▸ **AVAILABLE DATA**
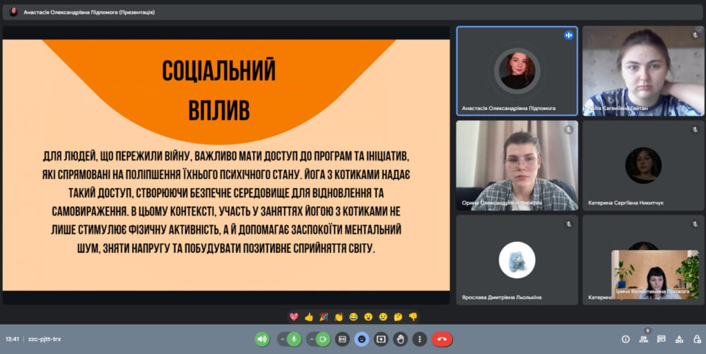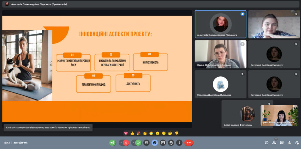 Серед захищених проєктів були такі перлини інноваційного мислення, як “ReArt: меблі з минулим” (Гайтан Юлія, Лісничий Владислав), який пропонує нове життя старим речам, та “Парк пам’яті” (Перкова Орина, Льолькіна Ярослава), який створює простір для рефлексії та вшанування. “Йога з котиками для людей, що стикнулись з наслідками війни” (Підпомога Анастасія), привнесла надзвичайно зворушливий елемент, використовуючи терапію тваринами для психічного відновлення, тоді як “Кавярня-простір ‘Ветеранський куточок'” (Фортельна Аліна, Чубукіна Дар”я) запропонував затишне місце для зустрічей і підтримки ветеранів.
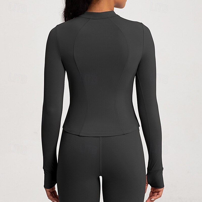 Women's Workout Shirt Breathable Zipper Long Sleeve Sports Solid Color Top For Pilates Running Yoga Activewear 1
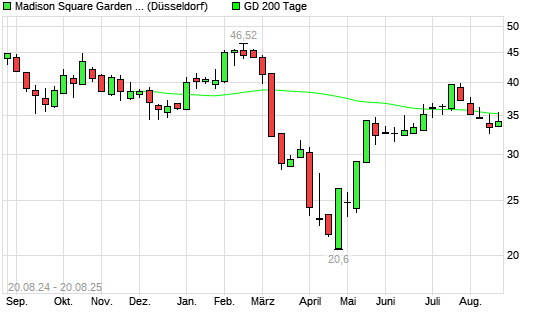 Mit dem Rücksetzer auf 34,80 EUR hat die Madison Square Garden Entertainment Corp.-Aktie am 19.08.2025 die 200-Tage-Linie nach unten gekreuzt.

▸ **WHAT TO WORK ON**
In your copy, the listing above should appear word for word, with no images.

▸ **SOLUTION FOR THIS PROBLEM**
 Серед захищених проєктів були такі перлини інноваційного мислення, як “ReArt: меблі з минулим” (Гайтан Юлія, Лісничий Владислав), який пропонує нове життя старим речам, та “Парк пам’яті” (Перкова Орина, Льолькіна Ярослава), який створює простір для рефлексії та вшанування. “Йога з котиками для людей, що стикнулись з наслідками війни” (Підпомога Анастасія), привнесла надзвичайно зворушливий елемент, використовуючи терапію тваринами для психічного відновлення, тоді як “Кавярня-простір ‘Ветеранський куточок'” (Фортельна Аліна, Чубукіна Дар”я) запропонував затишне місце для зустрічей і підтримки ветеранів.
 Women's Workout Shirt Breathable Zipper Long Sleeve Sports Solid Color Top For Pilates Running Yoga Activewear 1
 Mit dem Rücksetzer auf 34,80 EUR hat die Madison Square Garden Entertainment Corp.-Aktie am 19.08.2025 die 200-Tage-Linie nach unten gekreuzt.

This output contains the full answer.